◆ **WHAT IS NEEDED**
Before you write out the listing, remove the pictures; everything else stays exactly as it is.

◆ **GIVEN DATA**
____

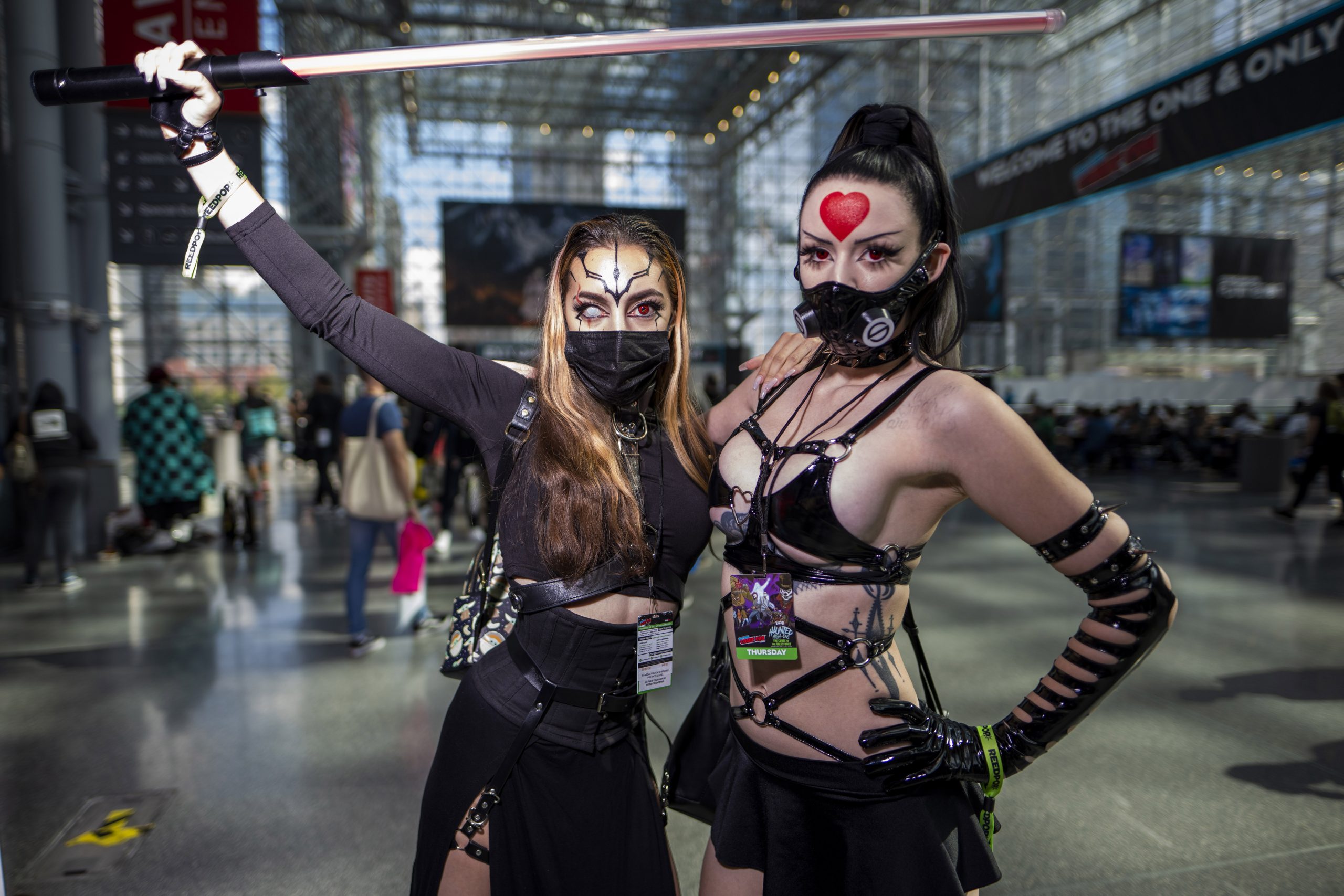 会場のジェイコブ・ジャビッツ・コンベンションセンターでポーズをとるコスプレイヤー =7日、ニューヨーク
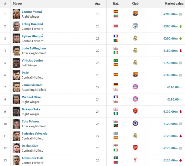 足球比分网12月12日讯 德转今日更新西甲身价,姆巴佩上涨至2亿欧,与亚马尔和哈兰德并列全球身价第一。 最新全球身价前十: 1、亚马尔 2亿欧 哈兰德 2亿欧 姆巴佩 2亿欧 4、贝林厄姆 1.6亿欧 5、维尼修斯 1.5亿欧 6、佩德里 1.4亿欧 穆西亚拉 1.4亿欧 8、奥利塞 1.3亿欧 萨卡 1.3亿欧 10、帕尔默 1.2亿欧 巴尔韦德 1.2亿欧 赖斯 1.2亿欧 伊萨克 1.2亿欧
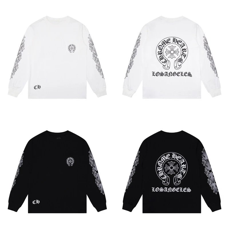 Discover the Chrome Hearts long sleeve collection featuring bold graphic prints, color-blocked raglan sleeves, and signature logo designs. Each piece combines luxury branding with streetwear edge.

____

◆ **SOLUTION TO THE EXERCISE**
 会場のジェイコブ・ジャビッツ・コンベンションセンターでポーズをとるコスプレイヤー =7日、ニューヨーク
 足球比分网12月12日讯 德转今日更新西甲身价,姆巴佩上涨至2亿欧,与亚马尔和哈兰德并列全球身价第一。 最新全球身价前十: 1、亚马尔 2亿欧 哈兰德 2亿欧 姆巴佩 2亿欧 4、贝林厄姆 1.6亿欧 5、维尼修斯 1.5亿欧 6、佩德里 1.4亿欧 穆西亚拉 1.4亿欧 8、奥利塞 1.3亿欧 萨卡 1.3亿欧 10、帕尔默 1.2亿欧 巴尔韦德 1.2亿欧 赖斯 1.2亿欧 伊萨克 1.2亿欧
 Discover the Chrome Hearts long sleeve collection featuring bold graphic prints, color-blocked raglan sleeves, and signature logo designs. Each piece combines luxury branding with streetwear edge.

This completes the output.